Out of these two different types of tissues, nodal stem explants gave better results compared to shoot tips in both shoot multiplication frequency and average number of shoots per explant. Shoot tip explants grown on medium containing 0.5 mg L−1 6-BA and 0.4 mg L−1 NAA required 18-d to bud break with a shoot multiplication frequency of 23.75%. By comparison, nodal segments cultured on medium supplemented with 0.5 mg L−1 6-BA and 0.2 mg L−1 NAA gave the highest multiplication frequency of 90.00% with only eight-d required to bud break. The reason for the bud break delay with shoot tips is because when it grew to a certain height (approximately five cm), and if the tip is dead or damaged, axillary buds will be induced, making the time needed for bud break longer than for nodal segments. Furthermore, when cultured on medium supplemented with 0.5 mg L−1 6-BA and 0.2 to 0.4 mg L−1 NAA, shoots induced from nodal stem explants were larger and stronger than those formed from shoot tip explants. The detailed results are presented in Table 3.
The mean number and quality of induced shoots were significantly affected by the concentration of PGRs in the medium (Table 4) where 0.5 mg L−1 6-BA induced more buds than 0.1 mg L−1 6-BA. A further increase of the 6-BA concentration inhibited bud induction with many buds becoming hyperhydric (Fig. 2a). When 0.2 to 0.4 mg L−1 GA was added to medium containing 0.5 mg L−1 6-BA, good quality buds were formed that elongated noticeably (Fig. 2b).
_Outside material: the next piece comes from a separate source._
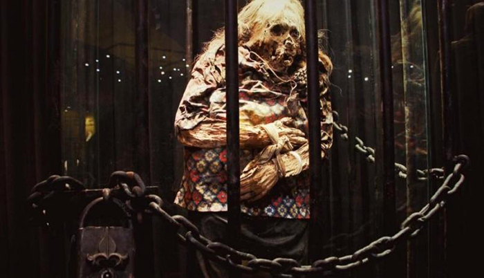Por primera vez en su historia, la ‘Momia Bruja’ exhibida en el Museo de las Momias de Guanajuato, será retirada de la jaula bendecida en la que permanece encerrada con cadenas y candados, además de estar rodeada de crucifijos, como se muestra en un video de Claroscuro Noticias.
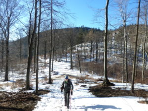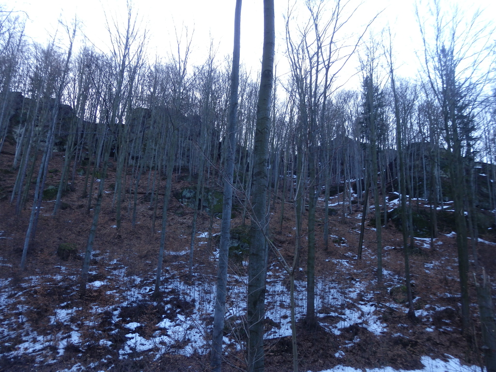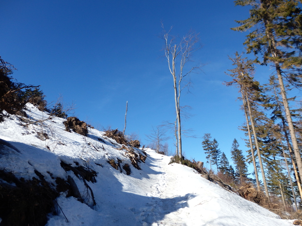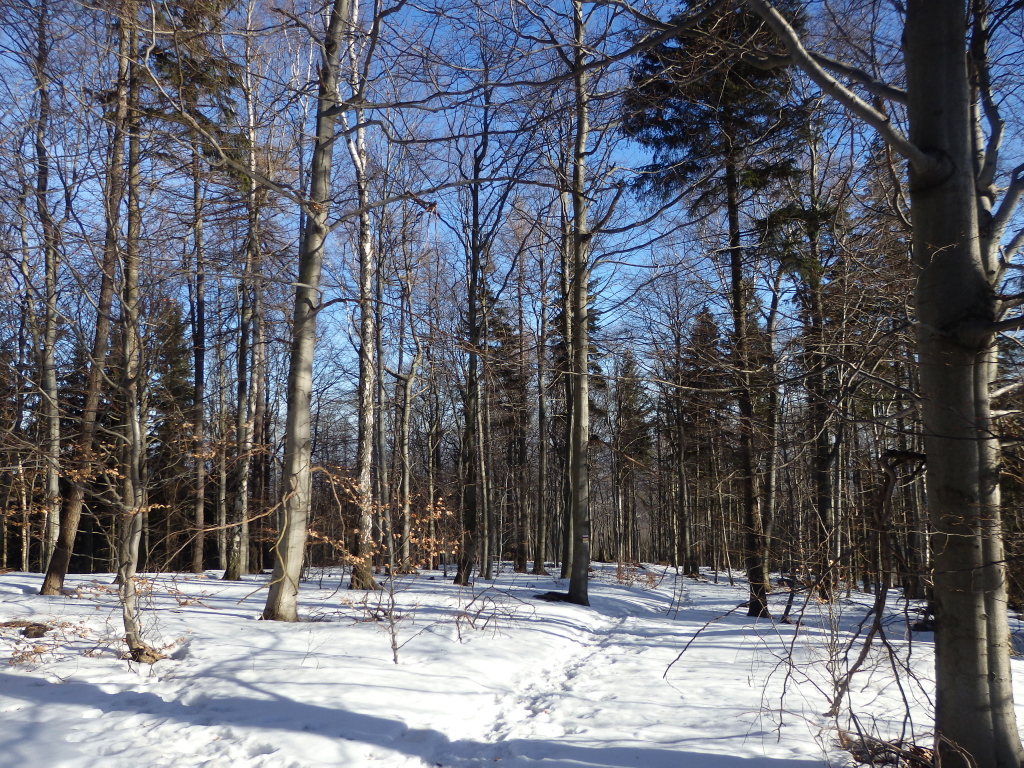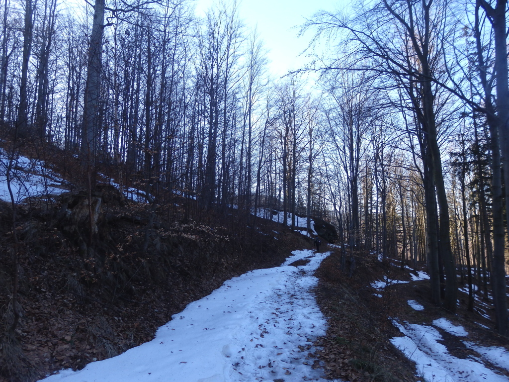 Na początku śniegu nie było, ale im dalej w las to zaczął pojawiać się biały puch. Raz więcej, raz mniej, tak będzie nam towarzyszył na sam szczyt.

However, when shoots lacking apical buds were subcultured for more than two cycles onto medium containing 0.5 mg L−1 6-BA, shoots became slender and fragile. To overcome this problem, continued sub-culturing on medium containing 0.1 mg L−1 6-BA induced thicker, elongated, and good quality buds. Aerial roots were induced when cultured on medium containing auxin, both NAA (1.0 mg L−1) and indoleacetic acid (IAA, 0.5 mg L−1) (Fig. 2c, d). When the culture period was extended to five-wk, shoot and leaves at the top became yellowish, and eventually, the whole plant died.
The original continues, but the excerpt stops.